== PROBLEM STATEMENT ==
Reproduce the entries below exactly, but only from the line containing "Depiction of peacock." to the line containing "From Jewish Voice", inclusive.

== SOURCE INFORMATION ==
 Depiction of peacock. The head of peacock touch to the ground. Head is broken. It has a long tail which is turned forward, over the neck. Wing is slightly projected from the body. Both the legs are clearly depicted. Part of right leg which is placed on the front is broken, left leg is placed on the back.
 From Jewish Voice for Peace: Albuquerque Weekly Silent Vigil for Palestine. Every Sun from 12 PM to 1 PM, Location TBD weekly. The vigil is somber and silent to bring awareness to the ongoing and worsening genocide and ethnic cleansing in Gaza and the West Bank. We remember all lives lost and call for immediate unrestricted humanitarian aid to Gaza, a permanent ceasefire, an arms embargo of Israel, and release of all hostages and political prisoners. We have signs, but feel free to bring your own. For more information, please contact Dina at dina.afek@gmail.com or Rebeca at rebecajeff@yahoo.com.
==
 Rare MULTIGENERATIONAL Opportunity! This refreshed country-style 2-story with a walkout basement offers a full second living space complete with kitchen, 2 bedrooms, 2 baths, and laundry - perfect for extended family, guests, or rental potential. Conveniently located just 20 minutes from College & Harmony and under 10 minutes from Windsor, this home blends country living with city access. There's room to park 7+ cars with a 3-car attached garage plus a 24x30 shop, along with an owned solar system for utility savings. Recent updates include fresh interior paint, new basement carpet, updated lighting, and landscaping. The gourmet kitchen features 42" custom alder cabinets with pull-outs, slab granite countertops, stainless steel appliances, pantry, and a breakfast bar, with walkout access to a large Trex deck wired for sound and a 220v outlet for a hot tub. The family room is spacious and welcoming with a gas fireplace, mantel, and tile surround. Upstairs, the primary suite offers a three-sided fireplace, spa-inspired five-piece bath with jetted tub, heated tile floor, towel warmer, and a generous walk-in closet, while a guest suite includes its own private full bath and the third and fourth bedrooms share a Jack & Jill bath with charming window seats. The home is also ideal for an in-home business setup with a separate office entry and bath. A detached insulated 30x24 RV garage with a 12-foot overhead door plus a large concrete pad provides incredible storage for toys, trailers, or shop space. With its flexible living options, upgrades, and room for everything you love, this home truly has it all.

== EXERCISE RESULT ==
 Depiction of peacock. The head of peacock touch to the ground. Head is broken. It has a long tail which is turned forward, over the neck. Wing is slightly projected from the body. Both the legs are clearly depicted. Part of right leg which is placed on the front is broken, left leg is placed on the back.
 From Jewish Voice for Peace: Albuquerque Weekly Silent Vigil for Palestine. Every Sun from 12 PM to 1 PM, Location TBD weekly. The vigil is somber and silent to bring awareness to the ongoing and worsening genocide and ethnic cleansing in Gaza and the West Bank. We remember all lives lost and call for immediate unrestricted humanitarian aid to Gaza, a permanent ceasefire, an arms embargo of Israel, and release of all hostages and political prisoners. We have signs, but feel free to bring your own. For more information, please contact Dina at dina.afek@gmail.com or Rebeca at rebecajeff@yahoo.com.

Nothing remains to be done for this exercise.